It’s a relatively common dream for indie film-makers: Develop your project as a short so people can get a taste of your vision and build on your initial success to create a feature-length version.
Jacob Mulliken isn’t stopping at a single feature, however. His zombie action/comedy Meltdown is growing into a trilogy.
Mulliken said the project’s roots go back to 2012 when Meltdown began as a thirty two minute short filmed in Pittsburgh, Pa during the first week of August. The short was filmed on a shoestring budget of $1,200, all of which was accumulated through the organization of a Zombie Carwash held in Pittsburgh’s Strip District.
With the short completed, Mulliken set about promoting it in hopes of gaining fans and funding to expand the project. Along the way, he picked up the 2014 Pittsburgh Filmmaker of the Year through RAWartists, an organization that highlights the works of independent artists in various cities across the globe.

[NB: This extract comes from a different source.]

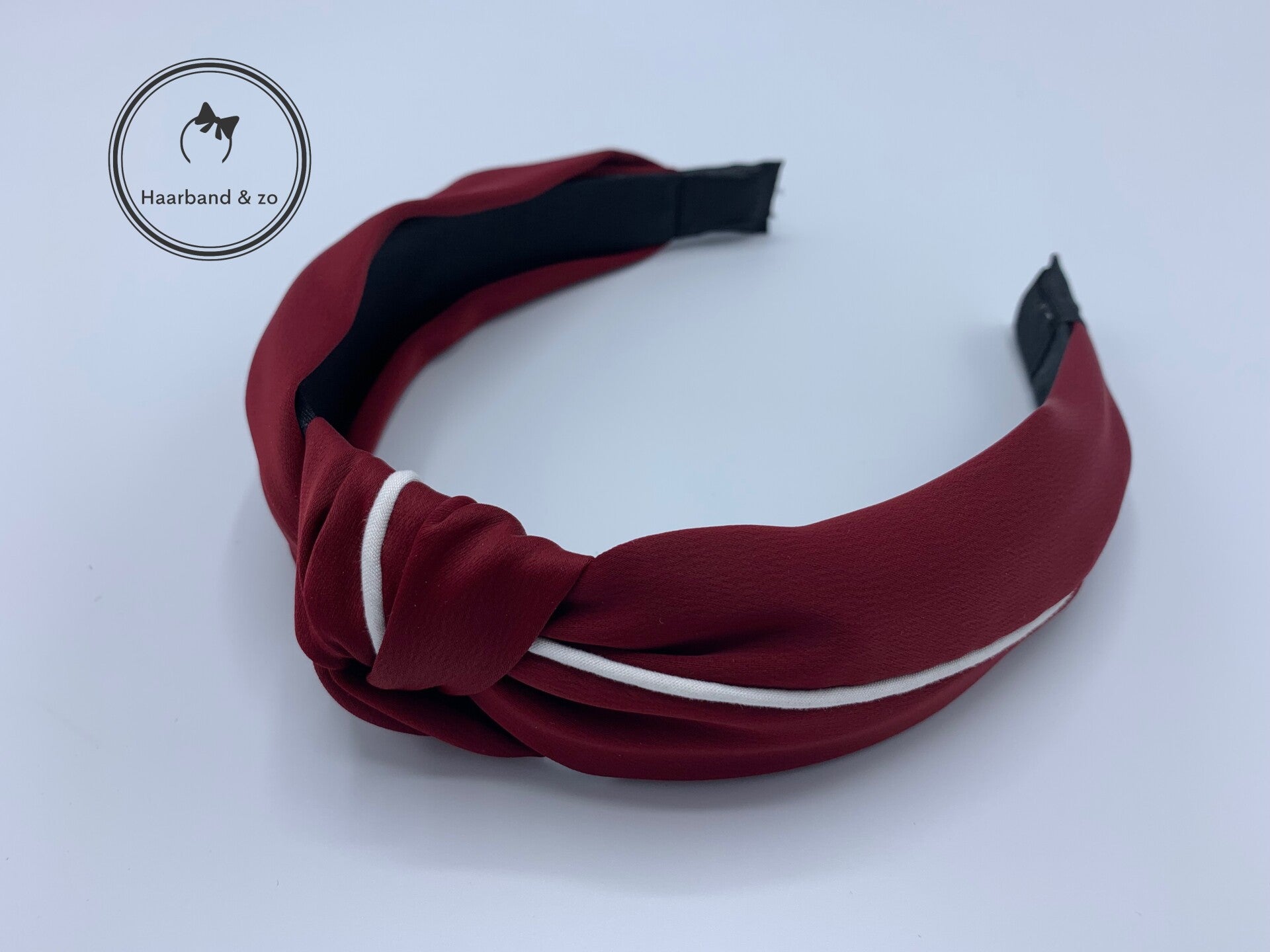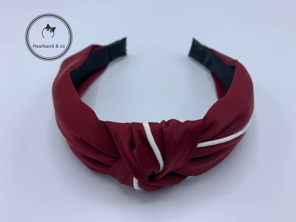 - Satijnen haarband, wijnrood met witte bies.

The attention helped Mulliken secure a budget of $50,000 for the feature film version. In addition to financial resources, Mulliken also worked with local government officials as well as civic and business leaders to get perks like filming permits, locations and the use of emergency service vehicles for his film. One supporter of the film let the production use his 70-acre property in Colorado, going so far as to allow Mulliken to burn down an old house on the land.

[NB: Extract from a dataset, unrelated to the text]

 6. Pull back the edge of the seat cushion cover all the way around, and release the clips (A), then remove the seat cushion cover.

“Ultimately, the goal of the production was to attempt a community based approach in an art form that often excludes members of the community during its conception,” Mulliken said. “The goal was met and the production, crew and cast were accepted by both communities that supported the film. Not only was the production given its own day, but it was given resources that would have ordinarily cost tens of thousands of dollars.”
While Meltdown is contemporary production, Mulliken said he wanted to create something that hearkened back to an earlier era.
“The Meltdown feature was conceived in the style of classic 80s style horror,” he said. “The characters, the cinematography, color correction, score as well as the practical special effects are all inspired by that particular decade’s style of drive-in horror.”
Mulliken said his film is far from a straight-ahead horror film, calling it a “stylistic mix of Clerks, Shaun of the Dead and the Road Warrior.”
“What separates Meltdown from a typical Zombie film is its pacing,” he said. “The film begins before the outbreak and jumps two years after the four lead character’s escape to show how the creatures, known in the film as Howlers, have evolved as well as the characters.”
Meltdown follows Zeke, Callie, Les and Hunter on the eve of Hunter’s 29th birthday as they share in a few drinks on a seemingly dull day in their hometown of Somerset, PA. The day takes a turn for the worse as everyone they have ever known are suddenly transformed into aggressively murderous flesh eating freaks. The four comrades are forced to hack and slash their way through the reanimated corpses of their closest friends and loved ones, only to find themselves on the precipice of a post-apocalyptic wasteland littered with monsters and the looming threat of their fellow survivors.
Meltdown was distributed through Gravitas Ventures and can be purchased through various cable and on-line platforms like iTunes, Amazon Prime, Google Play, Playstation, Verizon and Insight.
With the first film now complete, Mulliken is currently writing the sequel Meltdown: Dead Man Walking.